# [DATA PROVIDED]
↓↓↓

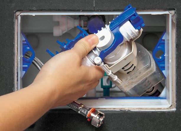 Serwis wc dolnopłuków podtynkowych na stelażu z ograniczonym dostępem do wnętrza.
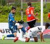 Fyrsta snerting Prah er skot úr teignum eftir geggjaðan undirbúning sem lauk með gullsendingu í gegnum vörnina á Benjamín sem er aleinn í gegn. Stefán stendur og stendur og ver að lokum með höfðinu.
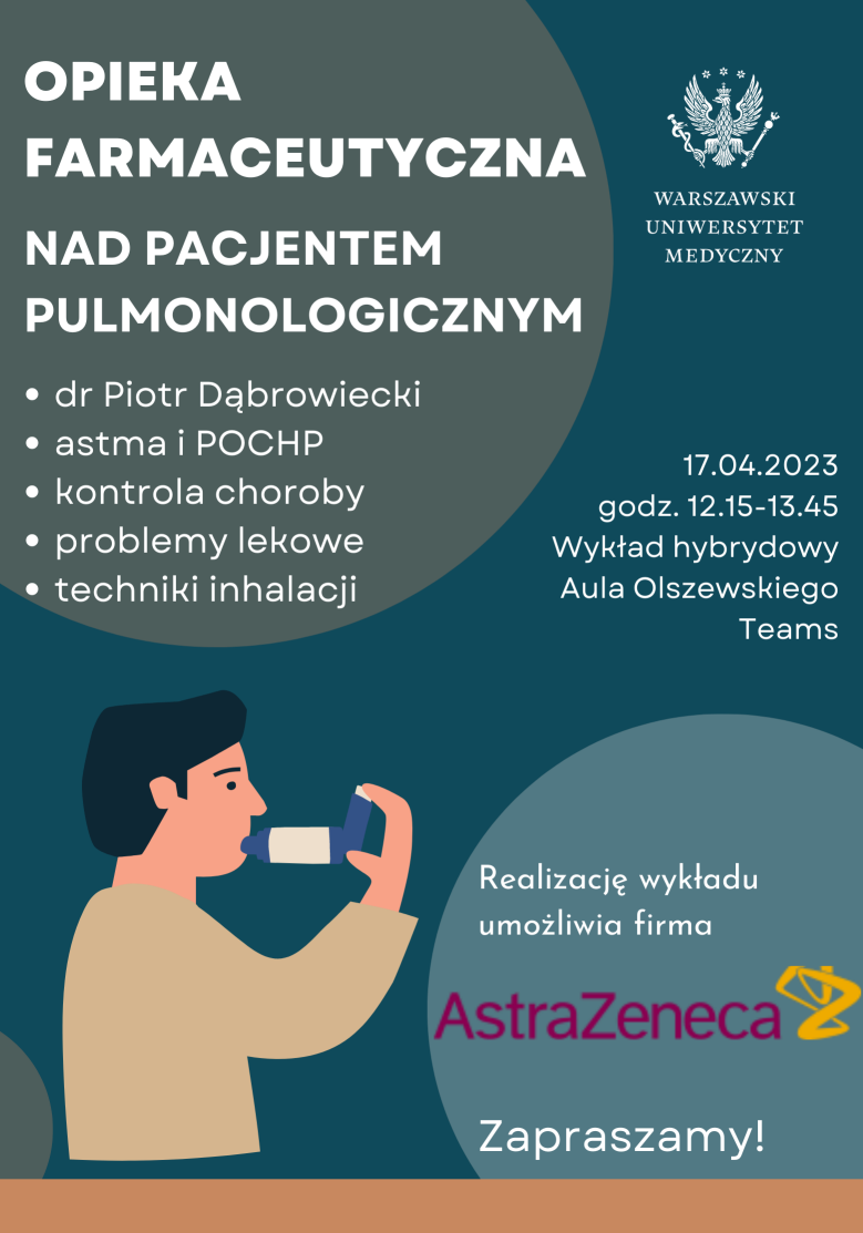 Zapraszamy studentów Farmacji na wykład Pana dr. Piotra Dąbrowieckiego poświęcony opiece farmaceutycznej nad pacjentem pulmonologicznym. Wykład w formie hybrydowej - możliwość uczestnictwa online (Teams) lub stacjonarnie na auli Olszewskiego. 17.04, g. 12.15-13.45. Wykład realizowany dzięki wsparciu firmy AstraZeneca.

↑↑↑

Only the pictures may be dropped when you copy the data above; everything else stays exact.

# [SOLUTION TO THIS EXERCISE]
 Serwis wc dolnopłuków podtynkowych na stelażu z ograniczonym dostępem do wnętrza.
 Fyrsta snerting Prah er skot úr teignum eftir geggjaðan undirbúning sem lauk með gullsendingu í gegnum vörnina á Benjamín sem er aleinn í gegn. Stefán stendur og stendur og ver að lokum með höfðinu.
 Zapraszamy studentów Farmacji na wykład Pana dr. Piotra Dąbrowieckiego poświęcony opiece farmaceutycznej nad pacjentem pulmonologicznym. Wykład w formie hybrydowej - możliwość uczestnictwa online (Teams) lub stacjonarnie na auli Olszewskiego. 17.04, g. 12.15-13.45. Wykład realizowany dzięki wsparciu firmy AstraZeneca.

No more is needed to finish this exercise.